> _Recorded data_:
****************************************

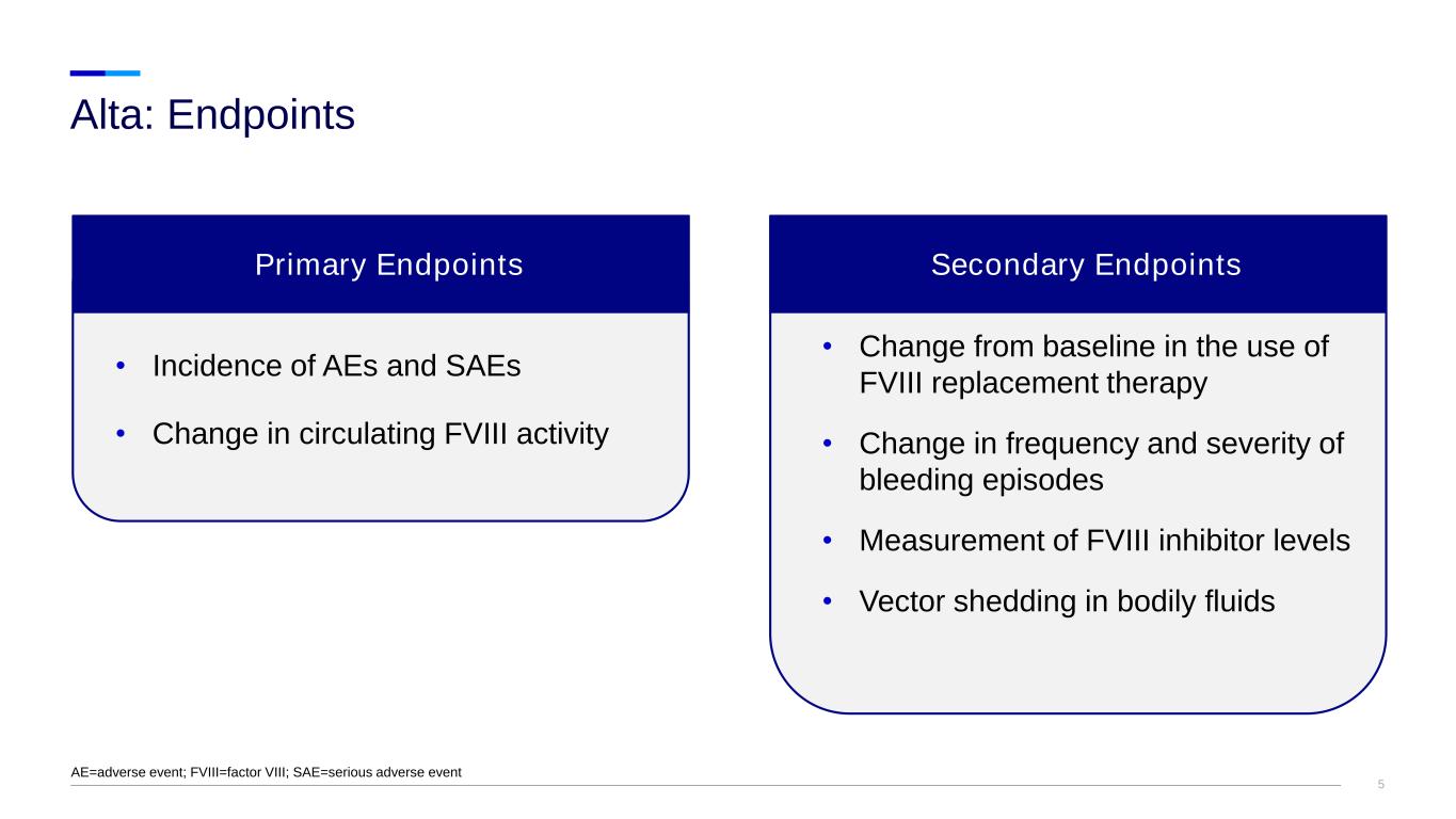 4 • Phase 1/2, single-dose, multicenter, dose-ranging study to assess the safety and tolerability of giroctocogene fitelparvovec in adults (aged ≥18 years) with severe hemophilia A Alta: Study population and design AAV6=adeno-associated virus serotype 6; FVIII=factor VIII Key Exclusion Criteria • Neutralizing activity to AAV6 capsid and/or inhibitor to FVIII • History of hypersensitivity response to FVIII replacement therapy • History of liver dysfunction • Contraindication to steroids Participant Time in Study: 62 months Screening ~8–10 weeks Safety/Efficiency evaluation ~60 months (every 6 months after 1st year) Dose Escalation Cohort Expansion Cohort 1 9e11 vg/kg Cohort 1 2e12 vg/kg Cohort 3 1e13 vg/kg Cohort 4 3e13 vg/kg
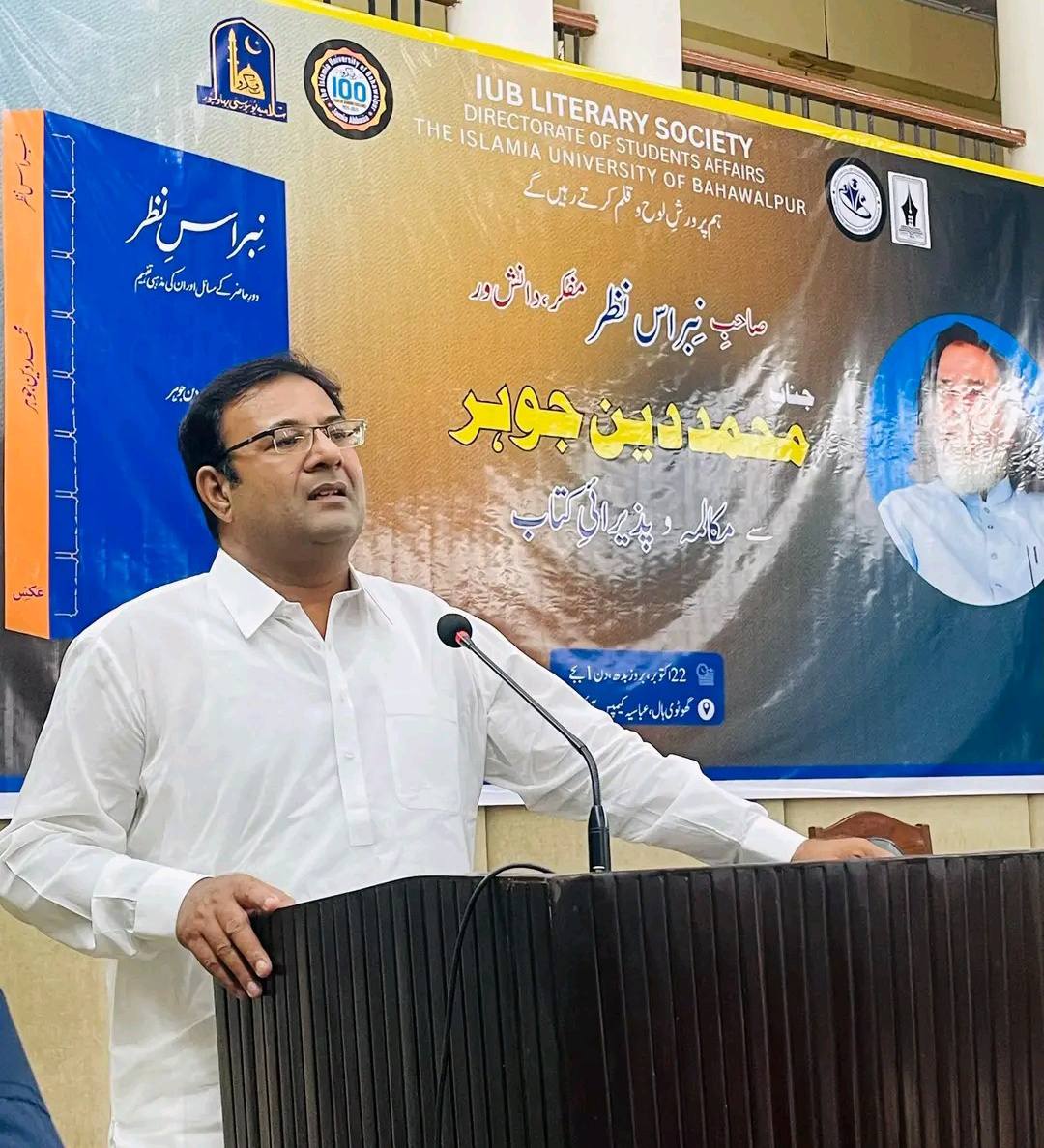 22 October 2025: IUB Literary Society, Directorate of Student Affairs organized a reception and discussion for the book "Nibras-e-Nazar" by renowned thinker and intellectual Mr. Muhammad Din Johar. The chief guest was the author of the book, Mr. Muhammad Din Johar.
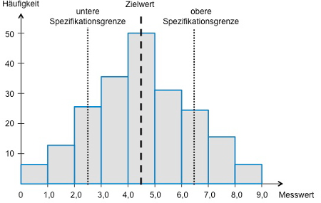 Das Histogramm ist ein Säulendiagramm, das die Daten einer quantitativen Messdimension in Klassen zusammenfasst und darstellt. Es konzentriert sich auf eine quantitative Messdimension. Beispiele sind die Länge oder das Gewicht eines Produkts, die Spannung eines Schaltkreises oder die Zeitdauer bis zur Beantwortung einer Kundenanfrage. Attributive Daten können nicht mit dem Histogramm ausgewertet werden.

****************************************

> _Your assignment_: Copy out the material above exactly; the images stay out.

> _Solution to this problem_:
 4 • Phase 1/2, single-dose, multicenter, dose-ranging study to assess the safety and tolerability of giroctocogene fitelparvovec in adults (aged ≥18 years) with severe hemophilia A Alta: Study population and design AAV6=adeno-associated virus serotype 6; FVIII=factor VIII Key Exclusion Criteria • Neutralizing activity to AAV6 capsid and/or inhibitor to FVIII • History of hypersensitivity response to FVIII replacement therapy • History of liver dysfunction • Contraindication to steroids Participant Time in Study: 62 months Screening ~8–10 weeks Safety/Efficiency evaluation ~60 months (every 6 months after 1st year) Dose Escalation Cohort Expansion Cohort 1 9e11 vg/kg Cohort 1 2e12 vg/kg Cohort 3 1e13 vg/kg Cohort 4 3e13 vg/kg
 22 October 2025: IUB Literary Society, Directorate of Student Affairs organized a reception and discussion for the book "Nibras-e-Nazar" by renowned thinker and intellectual Mr. Muhammad Din Johar. The chief guest was the author of the book, Mr. Muhammad Din Johar.
 Das Histogramm ist ein Säulendiagramm, das die Daten einer quantitativen Messdimension in Klassen zusammenfasst und darstellt. Es konzentriert sich auf eine quantitative Messdimension. Beispiele sind die Länge oder das Gewicht eines Produkts, die Spannung eines Schaltkreises oder die Zeitdauer bis zur Beantwortung einer Kundenanfrage. Attributive Daten können nicht mit dem Histogramm ausgewertet werden.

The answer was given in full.